Marva was surprised that he had spoken to her in English. For the past five years, they had mainly communicated in French. She was in a hurry, gulping down a glass of orange juice before she walked out the door, wondering exactly what she would say to her young lover. The tenderness of Loïc's words, the words he spoke in Marva's mother tongue, caught her off guard. He smiled sadly at her, the crow's-feet at the corners of his sea blue eyes crinkling. Loïc was still a handsome man, even if there were only a few threads of blond left in his silvery head of hair.
"I love you, too, baby," Marva said, giving her husband a quick, almost absentminded peck on the lips. Then she strode out of the kitchen, her high heels clicking on the hard tile floor.
"Over, over, over," Marva said out loud, sniffing back tears and banging an open palm against the steering wheel, more determined than ever to end her affair with Hassan, even to fire him if that was what it took to kill her obsession, to spare her husband any more agony. With the rentrée, she had returned to her senses. She was climbing the long, steeply inclined rue Pigalle now, leaving the Paris of sparkling magnificence and entering the Paris of tawdry charm. While Marva Dobbs made her home in the elegant, très bourgeois Seventh Arrondissement of the city, just south of the Seine, Marva's Soul Food Kitchen had always been located up north, in the funky hills of Montmartre, the heart of the roiling, multicultural, eternally bohemian Eighteenth Arrondissement.

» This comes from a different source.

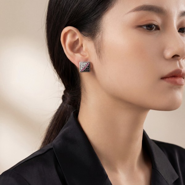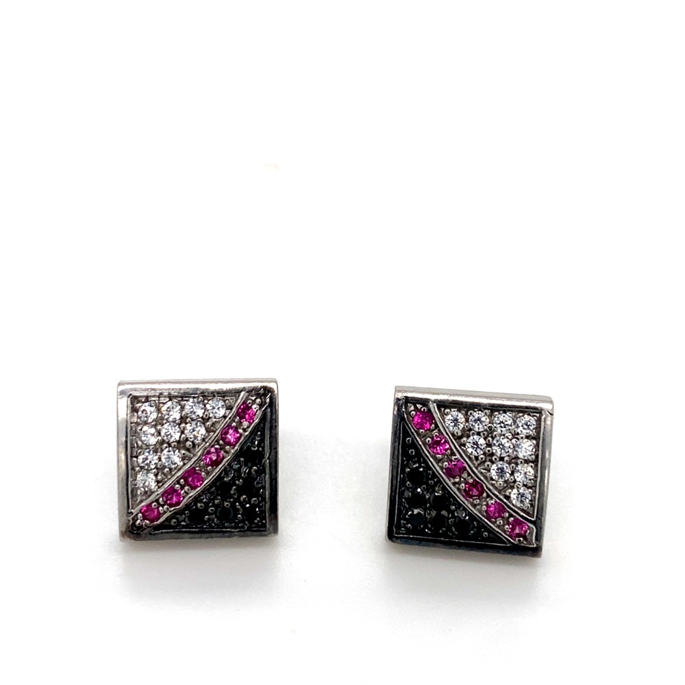 Ασημένιο σκουλαρίκι με ζιργκόν,σε μοντέρνο σχέδιο.

Marva pulled into her specially reserved parking spot, right in front of the restaurant, on the rue Véron. It was exactly 11:30 A.M. She stepped out of the car, took a deep breath, composed her face into a mask of serenity, then walked through the front door. All morning, Marva had hoped to shock her staff. As she entered the restaurant, she could see that she had succeeded. The hell of it was that Marva was as shocked to see all of them, clustered in front of the bar, in a semicircle around a strange visitor, as they were to see her.
"Oh my sweet Jesus," Jeremy Hairston said. He was an unabashedly gay brother from Arkansas, a head-held-high drama queen who was also the most reliable manager Marva had ever hired. As she had for the past eleven years, Marva had trusted Jeremy to run the restaurant while she was away. She had known he would be upset by her showing up early like this, but from the desperate tone in his voice, she knew that something else was going on.